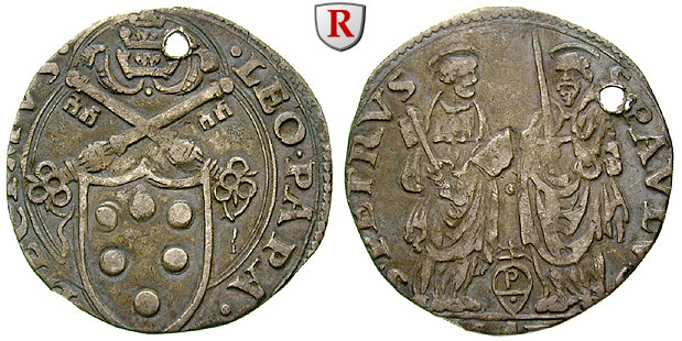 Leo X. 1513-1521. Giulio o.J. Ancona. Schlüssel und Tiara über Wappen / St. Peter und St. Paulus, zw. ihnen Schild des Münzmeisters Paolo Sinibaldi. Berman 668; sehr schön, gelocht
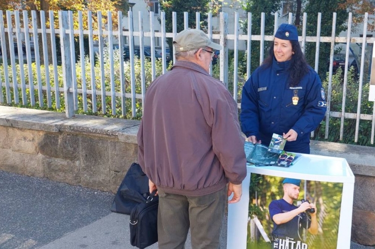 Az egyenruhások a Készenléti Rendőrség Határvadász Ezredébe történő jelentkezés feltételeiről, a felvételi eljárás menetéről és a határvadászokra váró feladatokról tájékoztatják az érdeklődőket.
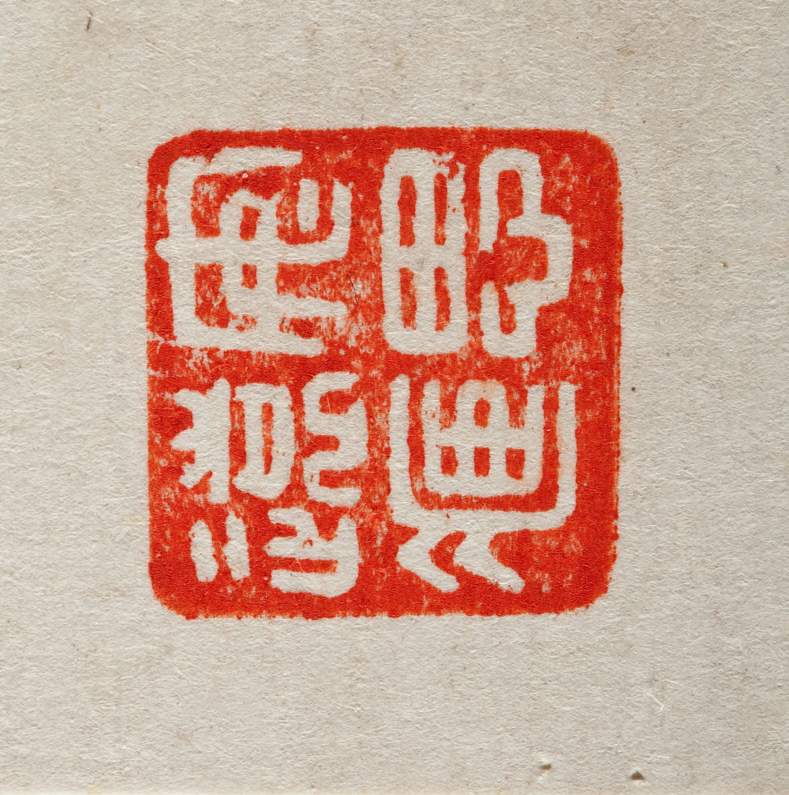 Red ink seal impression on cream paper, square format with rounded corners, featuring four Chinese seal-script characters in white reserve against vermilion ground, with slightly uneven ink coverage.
==============================
Exercise details: Repeat the material above word for word; no images go in the copy.

The answer:
 Leo X. 1513-1521. Giulio o.J. Ancona. Schlüssel und Tiara über Wappen / St. Peter und St. Paulus, zw. ihnen Schild des Münzmeisters Paolo Sinibaldi. Berman 668; sehr schön, gelocht
 Az egyenruhások a Készenléti Rendőrség Határvadász Ezredébe történő jelentkezés feltételeiről, a felvételi eljárás menetéről és a határvadászokra váró feladatokról tájékoztatják az érdeklődőket.
 Red ink seal impression on cream paper, square format with rounded corners, featuring four Chinese seal-script characters in white reserve against vermilion ground, with slightly uneven ink coverage.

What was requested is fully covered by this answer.